We start in “guard” and that’s not hard—I just wait at the back—
And then the “curly” part is surely started without stress:
I followed Tee and she led me to loop around the track,
But then it all began to fall into a silly mess.

The ups and downs and turn-arounds were called the “ins-and-outs,”
But if you know the way to turn you’ll not get knocked about.
Then “plow through” to “over your neighbor” (“-’s sword” I think they mean),
And the “diddle-diddle-dees” are making quite the flashy scene.

When “dummers” came they swore that it did not refer to me,
But as I said, “just shove me on to where I need to be.”
“Maryann’s” identity they never did reveal,
But apparently she frolics with a “jump-rope” made of steel.

The “princess” part was someone else, and had to do with “lines,”
The “fiddler” bit was “fast and loose” and could have used some signs.
By “popcorn” I had lost it, and the “basket” that we “spin,”
I wished was something they would use to carry me home in.

’Twas but one dance! It could have been an even weirder trip,
With “twisted fixies,” “double guards,” and “prince of Wales” flips,
Or “puking fiddlers,” “open rings,” or “breastplates” and “odd slides,”
But ’twas enough for my poor feet and my poor brain besides.

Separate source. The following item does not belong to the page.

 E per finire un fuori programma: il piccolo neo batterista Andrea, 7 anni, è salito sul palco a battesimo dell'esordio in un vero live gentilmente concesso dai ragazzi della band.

All the figures ended with a “nut” for all to see,
But the nuttiest of all was the nut they made of me!

Tuesday, April 30, 2013

The End

First impressions are important, just a glance
may reveal of what character is your heart,
or how confident your stride — and now the dance
will start.

The middle portion, either, is not to be neglected,
as attention can sometimes be hard to hold.
Your partner should feel her steps directed.
Be bold,

but not overly so. Comfort is the key
that lets the world fall away into the night,
until you both, and the music, may as well be
in flight.

Still, all of this is minor, for no matter
if three minutes of your life are lost
to apologetic smiles, feet that get scattered
and crossed,

if at the end it all comes right.
Those final moments are the ones that reign,
that, if perfected, in memory might
remain.

For you’ll find the sweetness you’re intending
not in flashy tricks or blatant flair,
but on your mutual, intimate attending
to closing steps uttered like a prayer
to the perfect inevitability of an ending,
just

there.

Thursday, April 11, 2013

The Waltzer's Pantoum

If you haven’t yet waltzed, you can’t know how it is.
Stepping in time, sure, that’s a start.
It seems so simple, just turning like this,
But the whole is more than the sum of its parts.

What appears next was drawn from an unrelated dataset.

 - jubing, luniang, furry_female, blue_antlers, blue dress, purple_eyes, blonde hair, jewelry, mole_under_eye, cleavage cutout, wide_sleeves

Stepping in time is a sure way to start,
Dodging her foot as you take to the floor.
But the whole is more than the sum of its parts,
And both of you find an increasing rapport.

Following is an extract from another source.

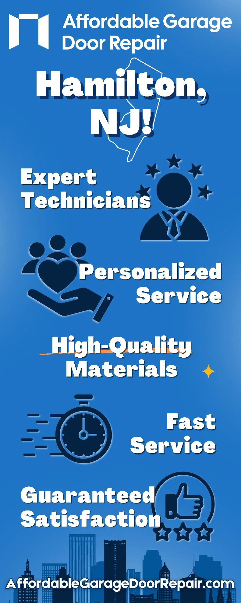 Affordable Garage Door Repair New Jersey proudly offers high-quality garage door service to residential and commercial properties in Hamilton, New Jersey. Our skilled technicians specialize in handling everything, from emergency repairs and routine maintenance to new installations. Our team of experts is ready to help you with all your garage door needs, including same-day service and emergency support 24/7, so you can keep your garage door safe, operational, and functional every day of the year!

Dodging another foot, crossing the floor,
More dancers surround you, all twirling like spheres,
And both of you find an increasing rapport
In threading a pathway through all of your peers.

More dancers everywhere blend into spheres,
The whirling lines blurring as sight slips aside.
In weaving a pattern with all of your peers,
You find space connects that had seemed to divide.

As blurring lines whirl and sight steps aside,
You find a new power that carries you on:
The space fills with music that cannot divide
But sweeps you all with it — you find that you’re drawn

By this powerful loving that carries you on,
Arcing through melody, space, and then time,
You’re swept up, and in the new poem that’s drawn,
Your bodies shape stanzas, the pivots all rhyme.

Arcing through melody, space, and then time,
Musicians and dancers transcending the hall,
We all come together in one joyful rhyme,
Not leading, not following, dancing with all.

The music, the dance, have transcended the hall,
It’s simple, yet infinite, turning like this,
You follow the Leader by dancing with all,
But now that you’ve waltzed... well, you know how it is.